Michel Barnier, le négociateur européen, a averti dimanche 31 mai dans le Sunday Times qu'il n'y aurait "pas d'accord" si Londres ne revenait pas sur ses positions antérieures et reproché aux Britanniques de choisir "uniquement ce qui leur convenait" dans le marché unique européen. Lundi, le 10 Downing Street a accusé Bruxelles de vouloir introduire dans la négociation des "propositions déséquilibrées qui attacheraient le Royaume-Uni aux règles ou aux standards" européens, et a dénoncé des exigences "sans précédent dans les accords de libre-échange".
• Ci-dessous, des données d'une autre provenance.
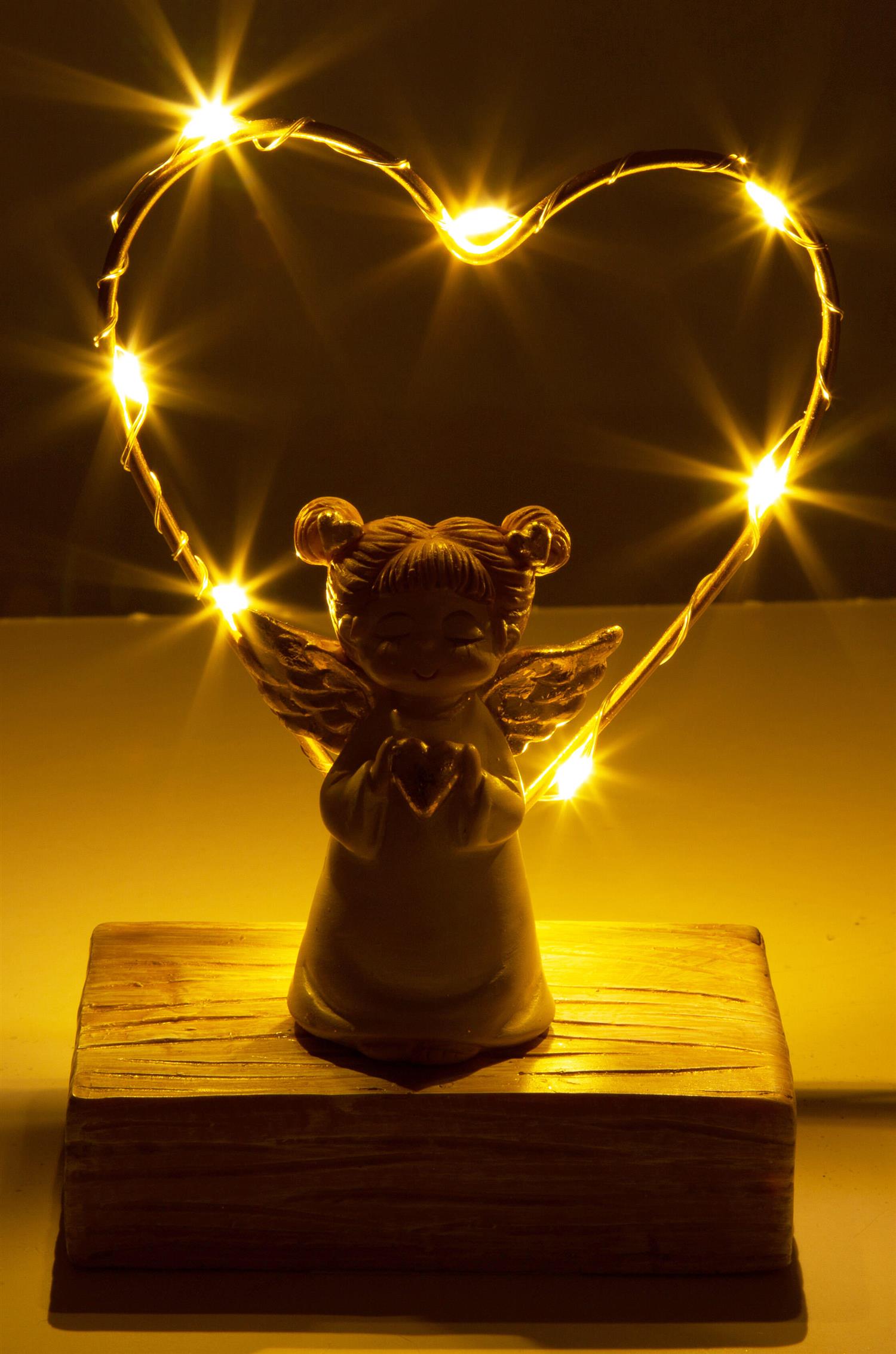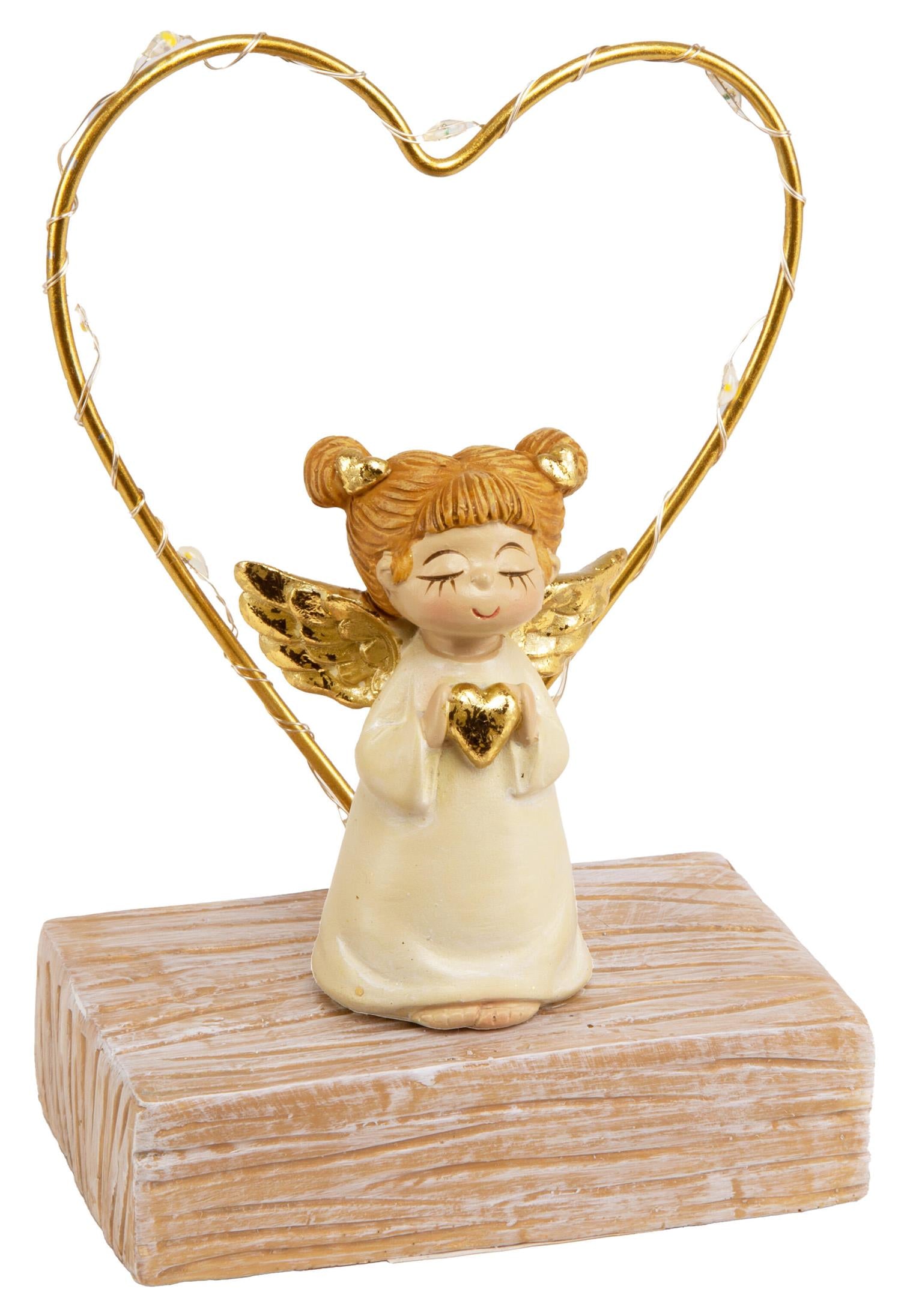 Engel på fot beige/gull LED hjerte 13cm Batteri: 2xAAA

Après trois séances de discussions entamées début mars, à raison d'une par mois, le fossé reste béant entre les positions des uns et des autres. La situation est compliquée par la pandémie de coronavirus qui oblige la centaine de négociateurs de part et d'autre à travailler par visioconférence. Pour Michel Barnier, ce nouveau cycle de pourparlers prévu jusqu'à vendredi devrait permettre "de savoir si le Royaume-Uni veut quitter le marché intérieur et l'union douanière (...) avec ou sans accord avec nous".
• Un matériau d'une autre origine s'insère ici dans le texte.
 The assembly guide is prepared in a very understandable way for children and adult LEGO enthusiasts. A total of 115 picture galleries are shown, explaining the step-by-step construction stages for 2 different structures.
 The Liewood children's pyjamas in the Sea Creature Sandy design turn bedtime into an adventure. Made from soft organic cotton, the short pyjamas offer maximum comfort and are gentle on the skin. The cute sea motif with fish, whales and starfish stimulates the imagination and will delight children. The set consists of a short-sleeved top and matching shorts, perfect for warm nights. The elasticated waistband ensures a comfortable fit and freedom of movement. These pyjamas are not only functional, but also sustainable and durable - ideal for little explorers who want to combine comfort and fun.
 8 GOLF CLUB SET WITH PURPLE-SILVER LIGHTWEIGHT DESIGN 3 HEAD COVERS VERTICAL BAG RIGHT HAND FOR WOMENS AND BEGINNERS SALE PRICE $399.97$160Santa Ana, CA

Un bilan des discussions doit être établi en juin avant une rencontre au plus haut niveau entre la présidente de la Commission européenne Ursula von der Leyen et le Premier ministre britannique Boris Johnson.

"Accord à minima" ?

Londres avait fait de ce point d'étape une date-butoir en menaçant de ne pas poursuivre les pourparlers si les progrès n'étaient pas suffisants. Mais c'était avant le choc causé par la pandémie, qui a précipité le Vieux continent dans une récession probablement historique, et bouleversé la donne.

Les principales étapes de la route vers le Brexit. Photo : AFP/VNA/CVN

Pour Bruxelles, la relation avec Londres après le divorce du 31 janvier, fin de 47 années de vie commune, est passé au second plan face à l'urgence d'une relance économique. "Il n'y a pas grand-chose à attendre de ces nouvelles discussions. Mais je ne pense pas que les Britanniques iront à la rupture en l'absence de progrès. La situation a totalement changé avec le virus", estime l'expert Anand Menon du centre de recherches "The UK in a Changing Europe".
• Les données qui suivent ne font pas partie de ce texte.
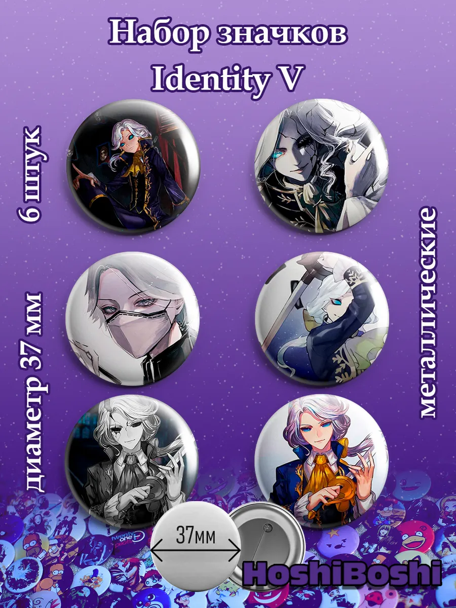 Набор из 6 металлических значков с изображениями из игры Идентити Файф ( Identity V ).
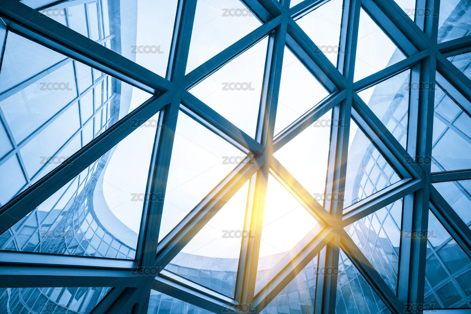 仰视钢结构建筑和现代建筑玻璃幕墙
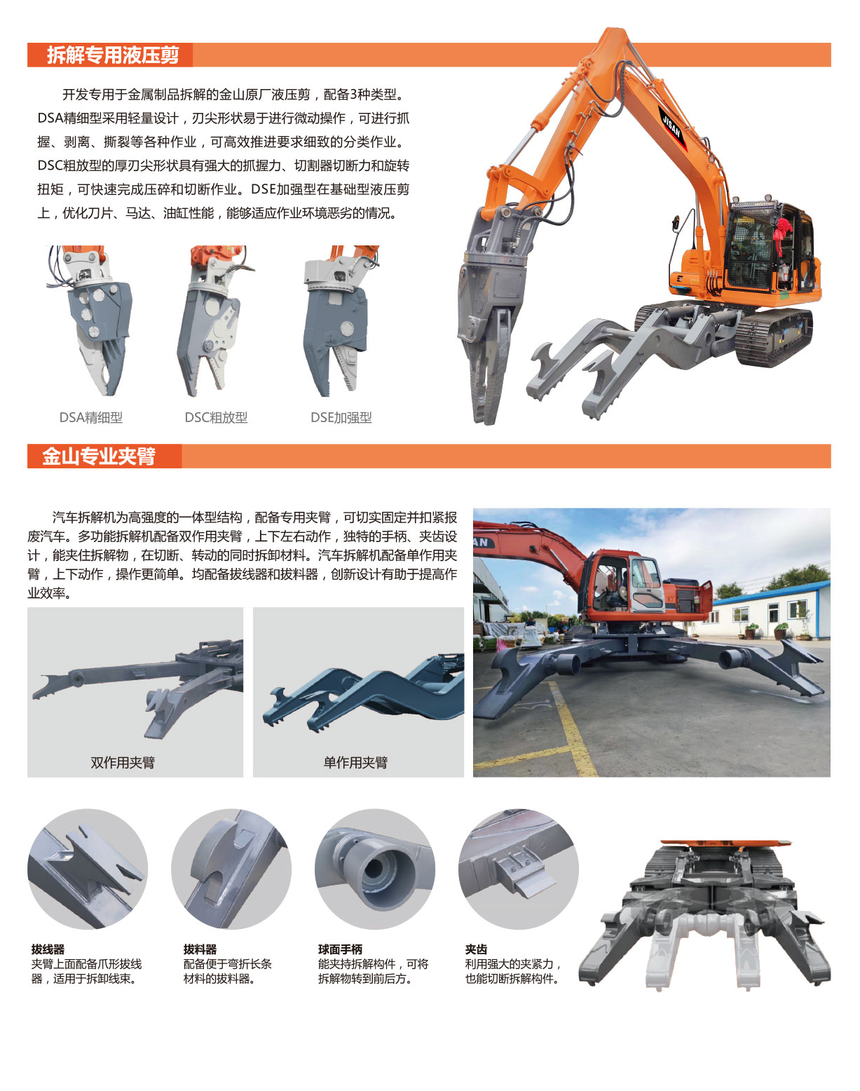 開發(fā)專用于金屬制品拆解的金山原廠液壓剪,配備3種類型。DSA液壓剪采用輕量設(shè)計(jì),刃尖形狀易于進(jìn)行微動(dòng)操作,可進(jìn)行抓握、剝離、撕裂等各種作業(yè),可高效推進(jìn)要求細(xì)致的分類作業(yè)。DSB液壓剪的厚刃尖形狀具有強(qiáng)大的抓握力、切割器切斷力和旋轉(zhuǎn)扭矩,可快速完成壓碎和切斷作業(yè)。DSC液壓剪雙開口設(shè)計(jì),效率更高。

Londres doit toutefois se prononcer avant la fin du mois de juin sur une demande de report de la fin de la période de transition pour une année, voire deux. Le gouvernement britannique a exclu cette possibilité à maintes reprises, même si c'était l'UE qui le demandait. "Lors de sa rencontre avec Ursula von der Leyen, Boris Johnson voudra sans doute faire passer un message volontariste sur la date du 31 décembre. Ce qui ne veut pas dire qu'il a abandonné l'ambition d'un accord, même a minima, d'ici décembre", estime Eric Maurice de la Fondation Schuman.

Si le Royaume-Uni décide d'interrompre les pourparlers et donc de prendre le risque d'un no deal "pour des raisons politiques, ce sera à l'approche de la date de fin décembre", prévoit Anand Menon. Tout en affichant des positions incompatibles sur les principaux sujets de la négociation - architecture de l'accord (un ou plusieurs), conditions de concurrence loyale (sur les normes environnementales, sociales, fiscales), règlement des différends, droits d'accès des pêcheurs aux eaux britanniques - les deux parties affirment vouloir trouver un compromis.

"S'il y en a un, ce sera très tard dans les discussions et pas avant l'automne", prédit l'expert britannique. Selon d'autres observateurs, Londres pourrait aussi être tenté par un no deal, dont l'effet potentiellement dévastateur pourrait être attribué aux conséquences économiques du choc de la pandémie.